2018 Fiscal Year Annual Research Report
Search for hadronic origin emission from relativistic jets explored by multi-messenger approach
Project/Area Number |
18K03665
|
Research Institution | Konan University |
Principal Investigator |
林田 将明 甲南大学, 理工学部, 特別研究員 (60705177)
|
Co-Investigator(Kenkyū-buntansha) |
浅野 勝晃 東京大学, 宇宙線研究所, 准教授 (80399279)
間瀬 圭一 千葉大学, 大学院理学研究院, 助教 (80400810)
|
Project Period (FY) |
2018-04-01 – 2019-03-31
|
Keywords | 相対論的ジェット / ブレーザー / 宇宙線起源 / 高エネルギーガンマ線 / 高エネルギーニュートリノ / マルチメッセンジャー観測 |
Outline of Annual Research Achievements |
南極の氷を巨大検出器とするIceCube実験は、宇宙からの超高エネルギー(>100 TeV)ニュートリノを有意に100近い候補事象を観測していたが、その起源天体の同定が大きな課題であった。

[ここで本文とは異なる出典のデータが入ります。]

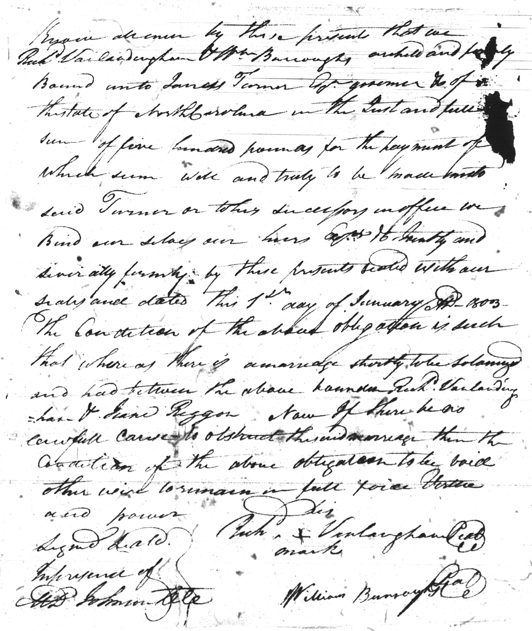| Vanlandingham | Richard | Riggan | Jane | 01 Jan 1803 | William Burroughs | White | |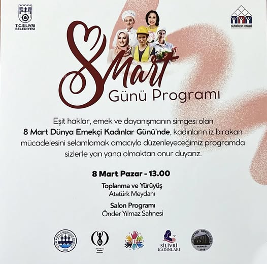 Silivri Kent Konseyi'nin çağrısıyla, kadın kuruluşlarının katılımı ve Silivri Belediyesi'nin destekleriyle 8 Mart Dünya Emekçi Kadınlar Günü kapsamında yürüyüş ve salon programı düzenlenecek.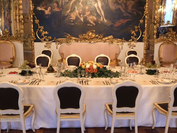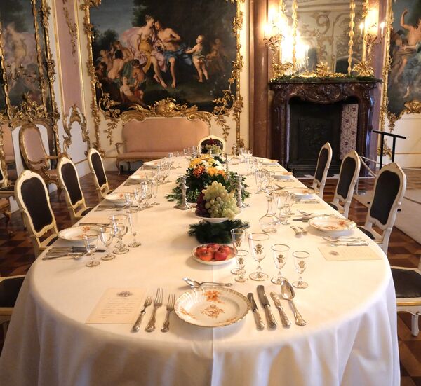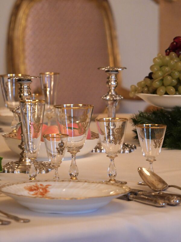 Im Unteren Konzertzimmer des Neuen Palais – einst als Speisezimmer der kaiserlichen Familie genutzt – erwartet Besucher:innen ab sofort noch bis Anfang 2026 eine festlich gedeckte Tafel. Gerade zur Weihnachtszeit, wenn in diesem Raum traditionell die kaiserliche Familie zusammenkam, vermittelt sie eindrucksvoll die besondere Atmosphäre vergangener Feiertage und die Tafelkultur am Hof.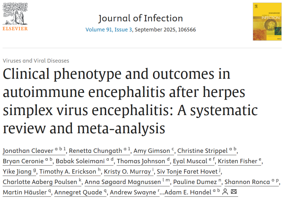 参考文献:Cleaver J, Chungath R, Gimson A, et al. Clinical phenotype and outcomes in autoimmune encephalitis after herpes simplex virus encephalitis: A systematic review and meta-analysis. J Infect. Published online August 6, 2025. doi:10.1016/j.jinf.2025.106566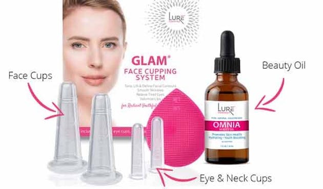 Lure Essentials Glam® Facial Cupping Set is the facial massage cupping kit of choice for high-end spas and dermatologists. It combines the ancient practice of cupping and a skin-nourishing facial oil full of omega fatty acids and vitamins to improve blood flow and rejuvenate your skin2. In just five minutes a day, 2-3 times a week, you can see noticeable results – like smoothing fine lines and wrinkles, reducing puffiness and tired eyes, and stimulating collagen product2 – which means tighter, brighter, younger-looking, skin!1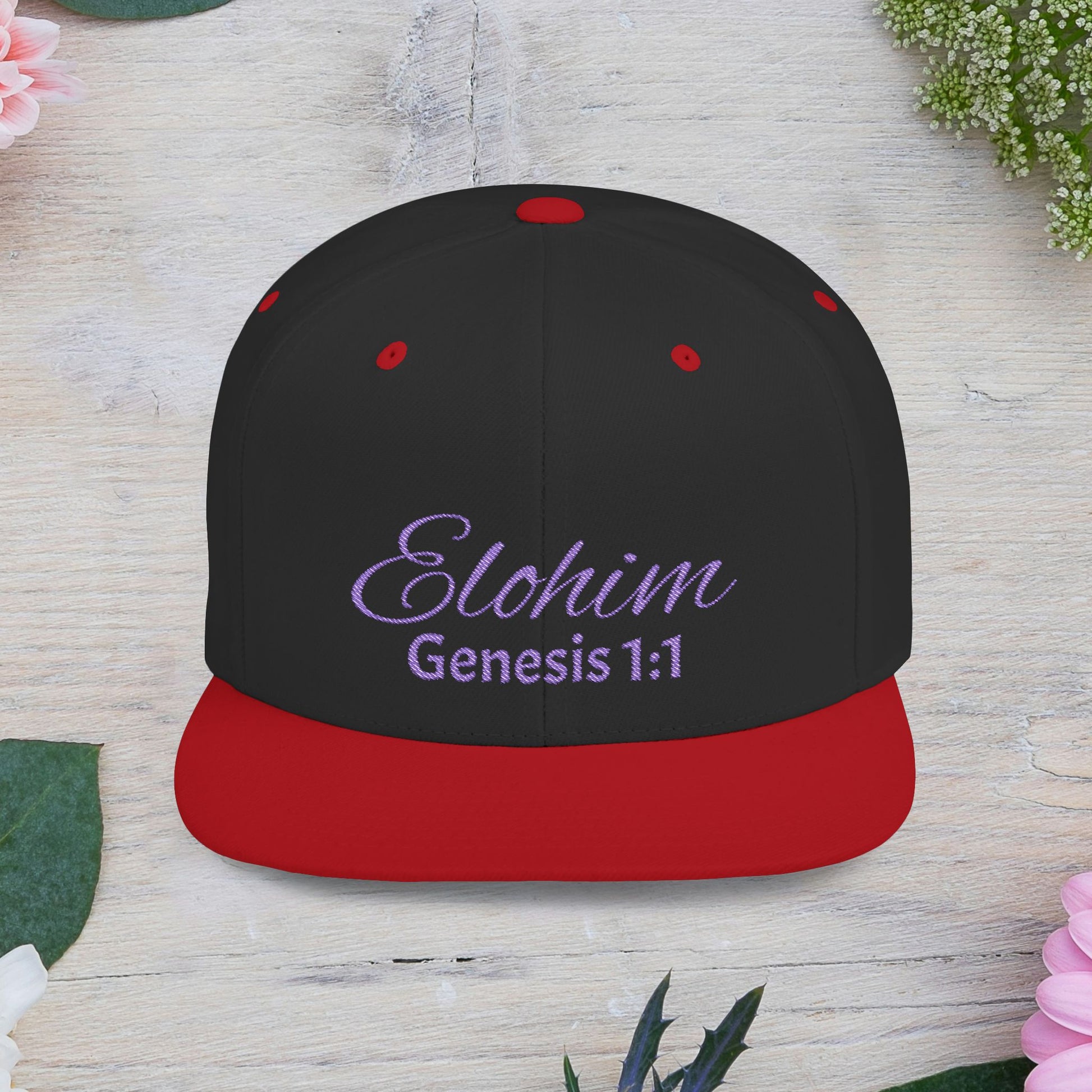 Purple 'Elohim' Snapback Cap - Faith-Inspired Flat Bill Hat, Baseball Hat, Perfect for Gifts, Daily Wear, Spiritual Events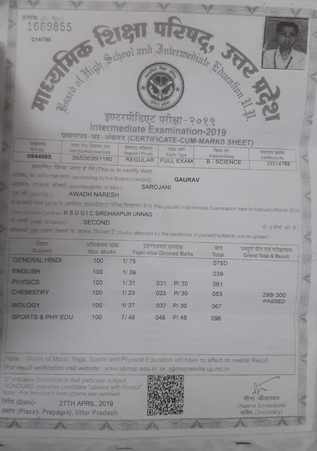 | Exam | Full Marks | Pass Marks | Marks Obtained |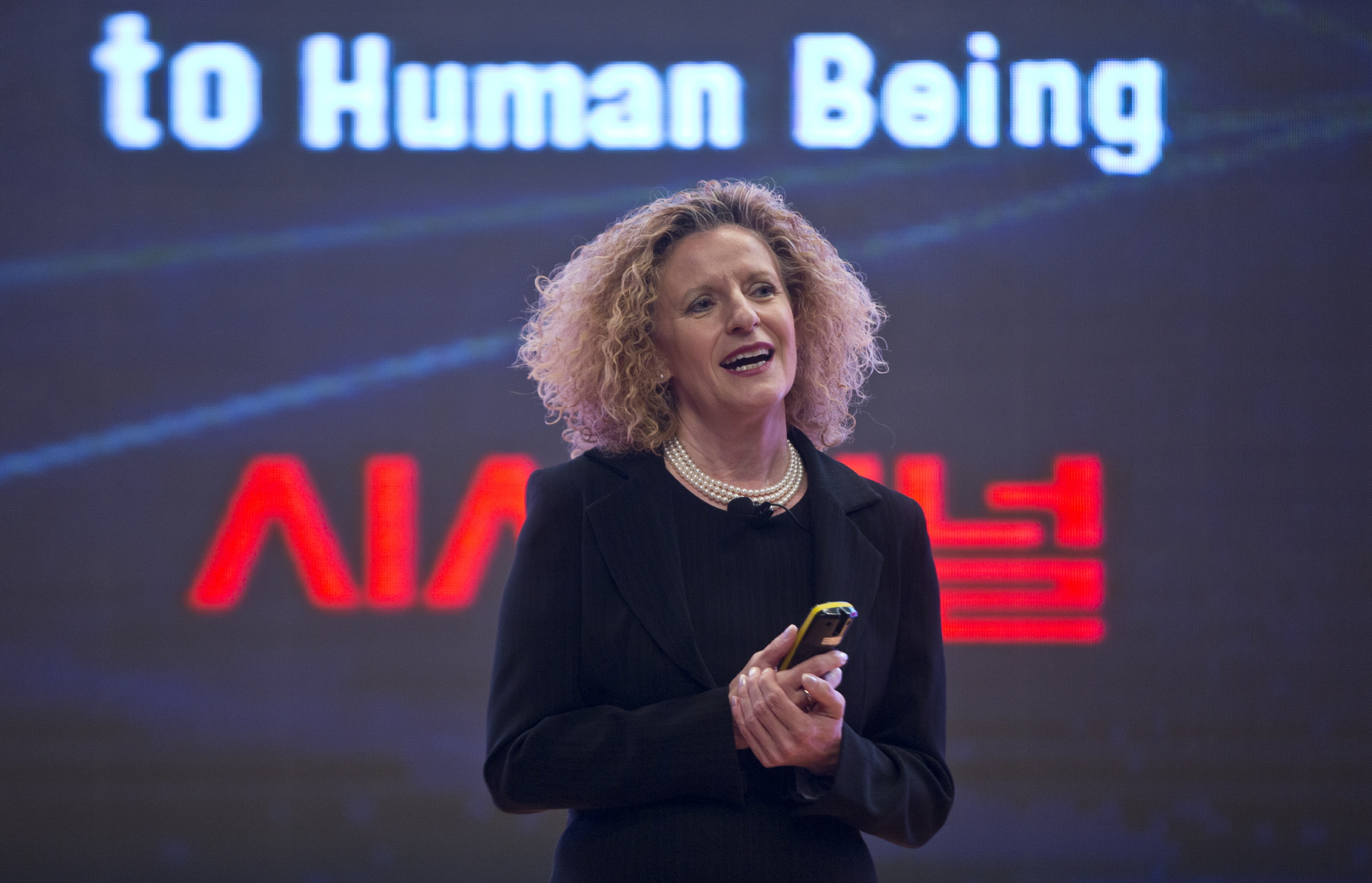 '2018 굿컴퍼니 컨퍼런스(GCC)'에서 잉그리드 드렉셀 바이엘코리아 대표이사가 키노트스피치를 하고있다. 2017.05.31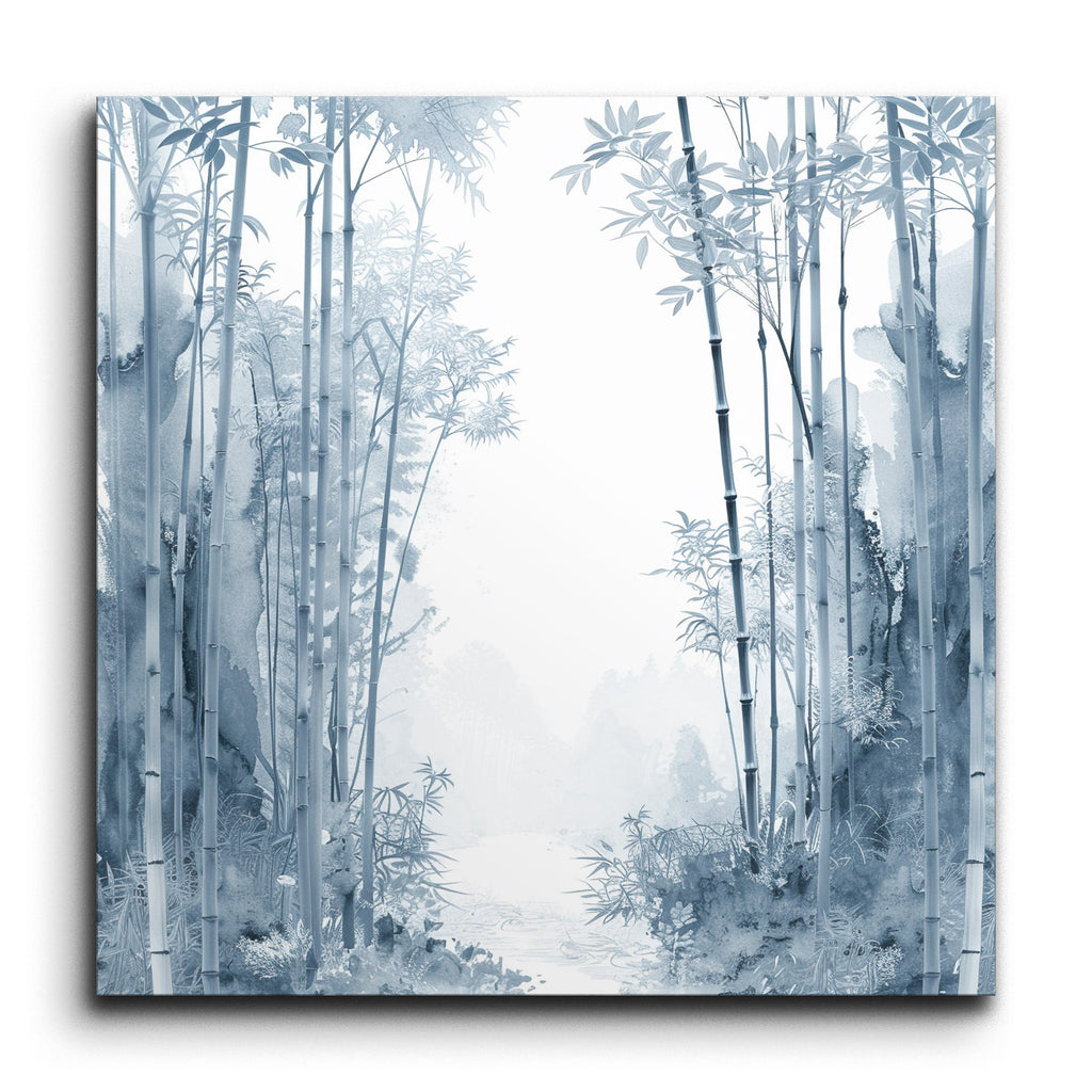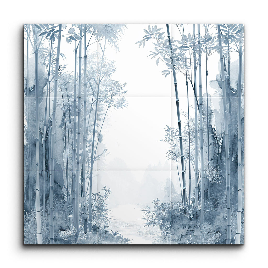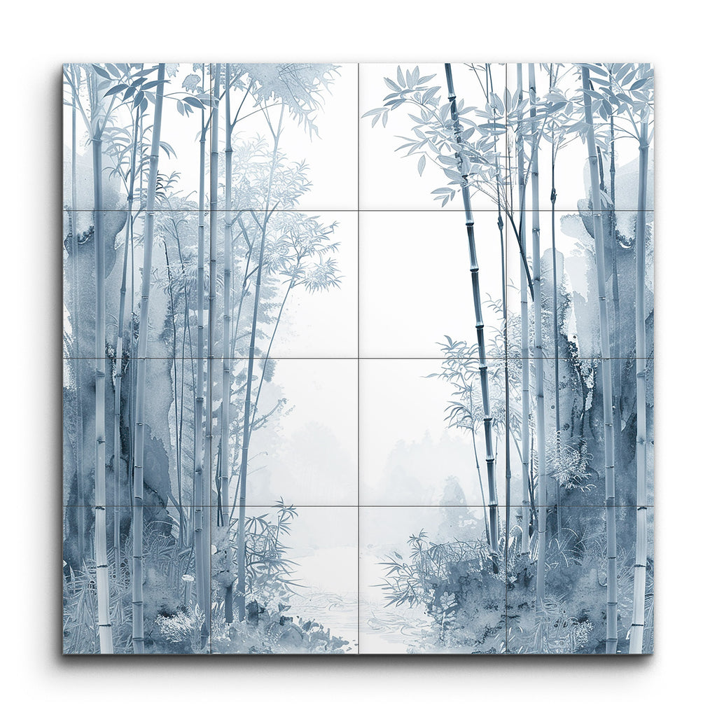 Immerse yourself in the tranquil beauty of a serene bamboo forest with this exquisite tile mural. Rendered in soft, muted blues, the artwork showcases tall, slender bamboo stalks rising vertically, exuding a sense of height and tranquility. Delicate bamboo leaves add texture and gentle movement, while a misty, ethereal background creates depth and a dreamlike quality. Reminiscent of traditional East Asian ink wash painting, this piece invites calmness and introspection, perfect for any contemplative space.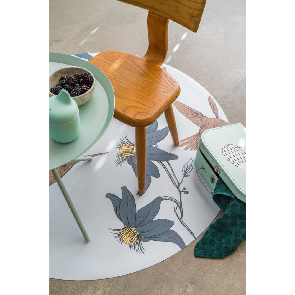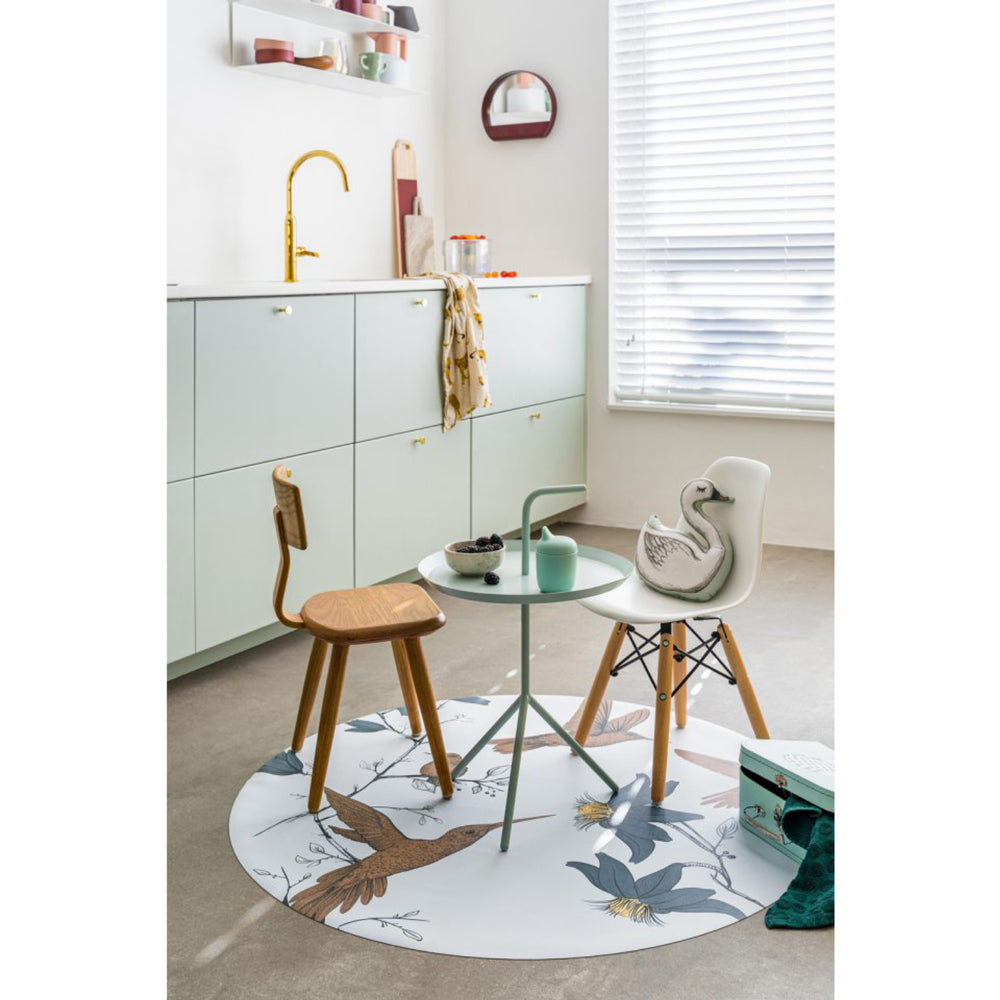 Everleigh & Me Hummingbird Blå Stoleunderlag er et ideelt valg for forældre, der værdsætter både funktionalitet og æstetik ved spisetid. Dette skridsikre underlag sikrer, at barnets stol står stabilt, og med en diameter på 105 cm giver det god dækning mod spild og snavs. Let at rengøre, rulles sammen for nem opbevaring, og er fremstillet af miljøvenligt PVC uden BPA og ftalater, hvilket gør det sikkert for dit barn at bruge.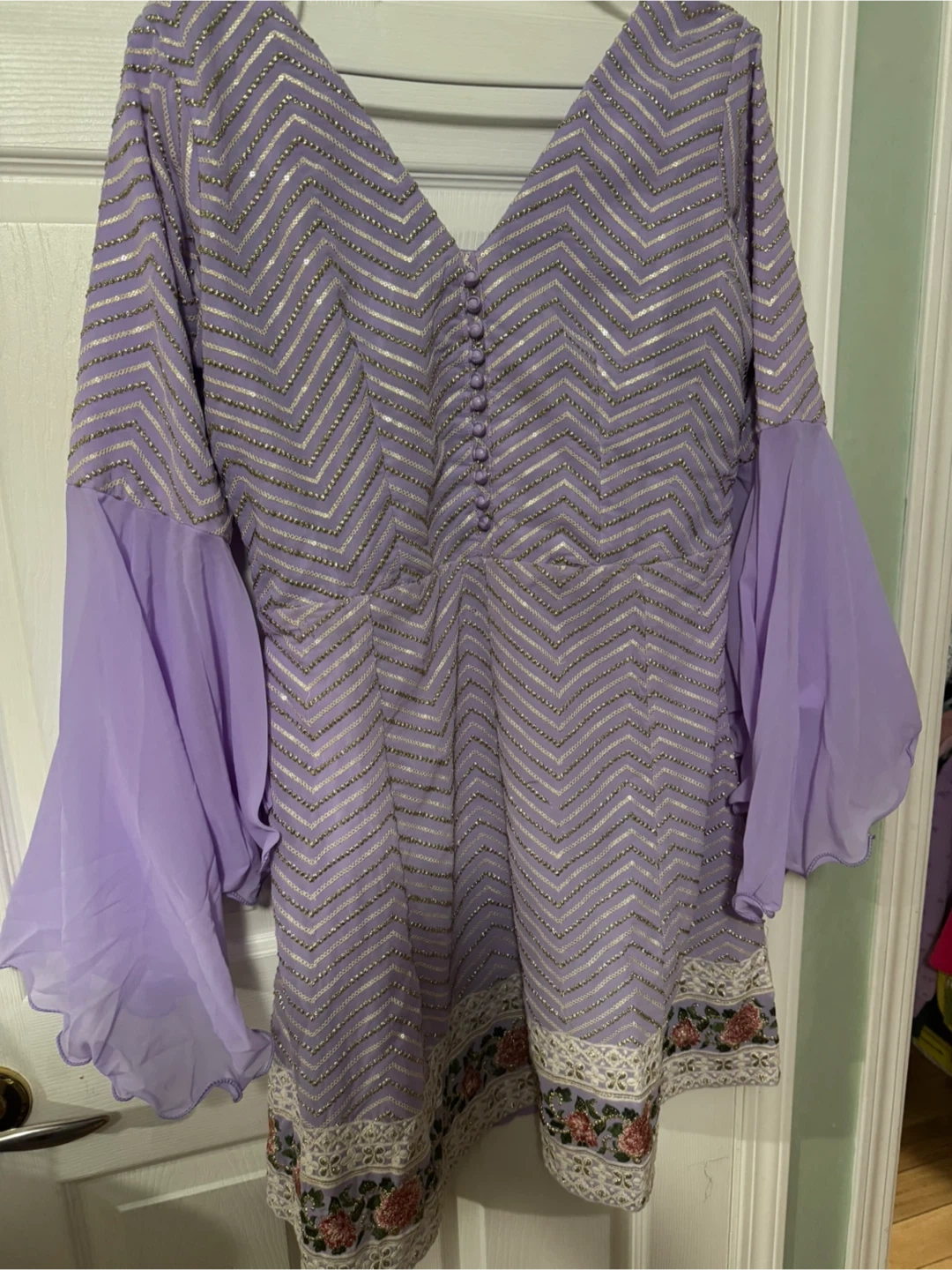 This is a lovely three-piece outfit for women. It features a purple kurti adorned with intricate silver sequin and beadwork in a chevron pattern, with embroidered floral detailing at the hem. Matching purple pants and a sheer dupatta are included. It's perfect for cultural events or festive occasions!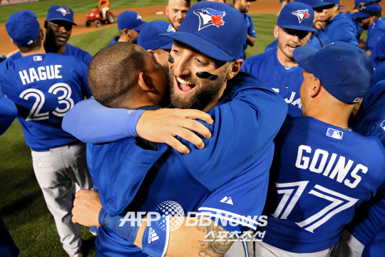 메이저리그 토론토 블루제이스가 기적같은 '역주행 지구우승'을 달성했다. 지난 1993년 이후 22년 만의 지구 우승이다. 토론토는 2개월 여전까지만 해도 1위 뉴욕 양키스에 7경기차로 뒤진 지구 4위였다. 그러나 이후 56경기에서 7할5푼의 승률을 거두며 승승장구했다. 1일(한국시각) 미국 볼티모어 캠든야드에서 열린 볼티모어 오리올스와의 원정 더블헤더 1차전에서 15대2로 승리하며 자력 우승을 차지한 토론토 선수들이 포옹을 하며 우승의 감격을 맛보고 있다. ⓒAFPBBNews = News1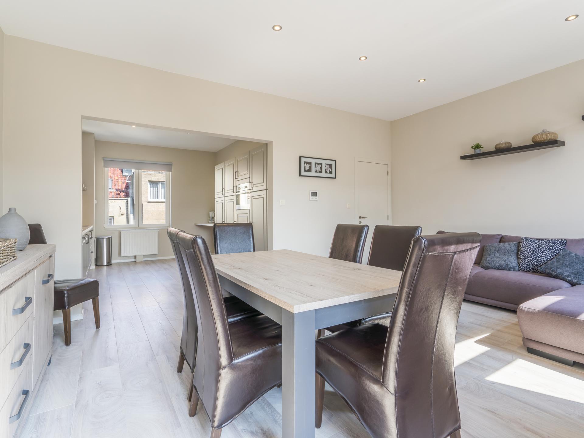 Magnifique duplex au 2? étage (sans ascenseur) au cœur de Blankenberge. Séjour lumineux avec grande cuisine entièrement équipée. À l’étage duplex, deux grandes chambres : une avec lit double et une avec lits superposés et lit simple. Salle de bain moderne avec douche à l’italienne et grande terrasse avec salon.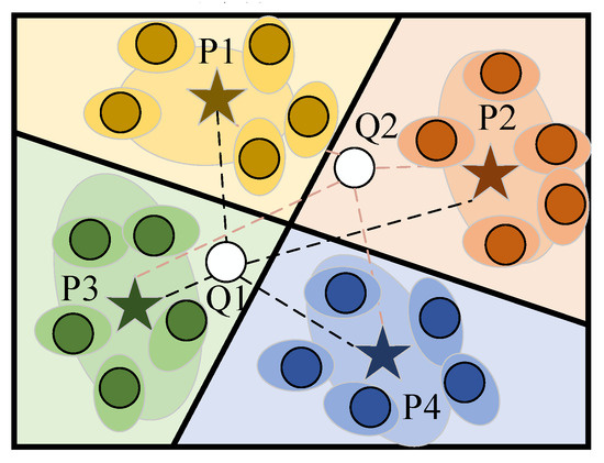 The Gaussian Prototypical Network is a model designed for few-shot learning. It maps input data into embedding vectors while simultaneously generating an estimate of quality and a confidence region around the embedding, which is characterized by a Gaussian covariance matrix. As illustrated in Figure 2, P1, P2, P3, and P4 represent different categories of prototypes, each with a set of feature distributions. In the figure, circles of the same color surrounded by stars represent the prototype representations of the features for each category. Q1 and Q2 are the query samples to be classified. According to the distance between the query samples and each prototype, the category embedded samples are formed to determine the category to which they belong.

2018年7月、相対論的ジェットを持つ活動銀河核ブレーザー天体TXS0506+056が、IceCubeにより観測された高エネルギーニュートリノ事象IceCube170922Aの起源天体であることを強く示唆する結果を遂にScience誌に発表した。これは、TXS0506+056がガンマ線にて通常の約6倍明るくなっていた時に同期してニュートリノIceCube170922Aが検出された結果であり、研究代表者は特にフェルミ衛星によるガンマ線観測のデータ解析に貢献した。ここで、この天体のガンマ線フレアと本ニュートリノ事象検出とが偶然同時に起こる事象は約3シグマ(post-trial)で棄却できることを統計的に示した。さらにTXS0506+056からは同時期に100 GeV以上のガンマ線も検出された。これらの結果から銀河系外の宇宙線起源天体候補を同定したことを示唆する初の観測的証拠となった。また本結果を受け、ブレーザーTXS0506+056と同種の性質を持ち陽子起源天体となりうるブレーザー(BL Lac)天体を選定しリストを作成した。 放射モデルに関して、従来の研究にて、ブレーザー3C279のフレア現象の観測結果を乱流による統計加速(フェルミ二次加速) に基づいて高エネルギー粒子の分布を決定する放射モデルにて説明することに成功したが、その放射モデルを発展させ、代表的な5つのブレーザーの多波長観測結果に適応した。これら全ての天体の多波長スペクトルの観測結果を無矛盾に再現でき、乱流加速に基づいた放射モデルが、より一般的にブレーザーの観測結果を説明可能なことを論文にて発表した。